Considerações finais
O espaço virtual demanda uma adaptação e uma nova organização
temporal e espacial para que os alunos se comprometam com os estudos,
dedicando-se aos cursos a distância como tradicionalmente vem ocorrendo nos
presenciais, embora em ambas as modalidades esteja presente o fenômeno da evasão.
Obtivemos pistas plausíveis de serem investigadas, como a questão de gênero
e o uso das novas tecnologias, considerando que todas as mulheres participantes
dessa pesquisa não o concluíram, e algumas alegaram dificuldades em lidar com
a Internet; a faixa etária e as habilidades em desenvolver trabalhos ou estudos
via Internet; e principalmente, a questão da falta de tempo ou do tempo do professor universitário para investir
em sua própria formação continuada.
Consideramos que o uso das novas tecnologias na educação, tanto
presencial quanto a distância – para Lévy (1999), torna-se cada vez menos
pertinente a distinção entre ambas – possibilita ultrapassar os limites de
tempo e espaço através da comunicação interativa. No entanto, deparamo-nos
com o problema do aumento do tempo de trabalho letivo do professor, acrescido do
volume de trabalho demandado para o preparo de materiais, pelo atendimento aos
alunos e pela participação no espaço virtual, agravado ainda pela pouca
velocidade e falhas na conexão em redes. Estes últimos serão abrandados através
dos avanços tecnológicos que garantirão maior velocidade e estabilidade nas
conexões. Mas, quanto aos primeiros, deverão ser pauta de reivindicações da
classe docente, pois ainda não está definida a forma de remunerar e computar
este trabalho, que ultrapassa o tempo e esforço do professor tradicional.
A resolução dos problemas relacionados aos equipamentos tecnológicos
em si não garante a superação dos obstáculos à permanência dos
participantes de cursos a distância. Aprender a lidar com a informática e usá-la
na preparação e transmissão de materiais são domínios adquiridos com menor
dificuldade se compararmos com o processo cognitivo, social e cultural que
envolve o processo de aprendizagem colaborativa em rede.

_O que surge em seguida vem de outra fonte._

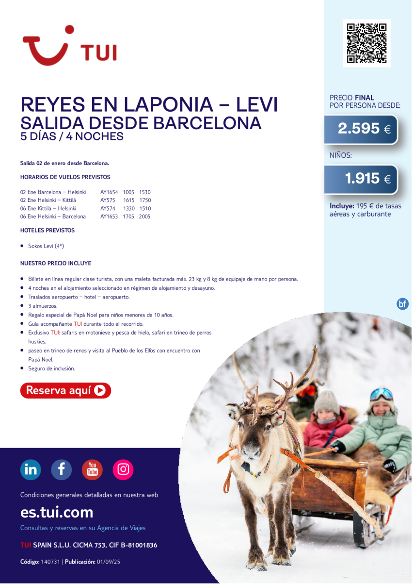 Laponia. Reyes en Levi. 5 días / 4 noches. Salida 02 ENE desde BCN desde 2.595 €

Portanto, a apropriação dos processos tecnológicos será mais adequada
se ocorrer juntamente com a formação pedagógica, para que o professor esteja
capacitado a manter uma postura reflexiva no processo educativo. Iniciativas
como a realizada por meio do Curso de “Tecnologia de Ensino a Distância” são
importantes neste momento de mudanças, de adaptação a novas formas de ensina
e aprender e de avanço tecnológico. Mas, é desejável que o preparo do
professor para o exercício da docência, no atual contexto, comece na formação
inicial e continue ao longo de sua carreira. Isto será favorecido se este
profissional estiver conectado em rede, socializando experiências e com prontidão
para rever antigos conceitos e práticas.
5.
Referência bibliográfica
AZEVÊDO,
Wilson. Muito além do jardim de infância:
o desafio do preparo do aluno e do professor, 1998. http://www.widebiz.com.br/gente/azevedo/ead100.html
(Acessado em 23/07/2000)
CORRÊA,
Juliane. Educação a distância democratiza o ensino no Brasil. Informativo
da Educação. Belo Horizonte, Fumarc, janeiro de 2001. p. 3 - 4.
LÉVY,
Pierre. Cibercultura. São Paulo: Ed.
34, 1999.
MORAES,
Maria Cândida. O paradigma educacional emergente: implicações na formação
do professor e nas práticas pedagógicas. Em
Aberto, ano 16, n.º 70, abr/jun 1996.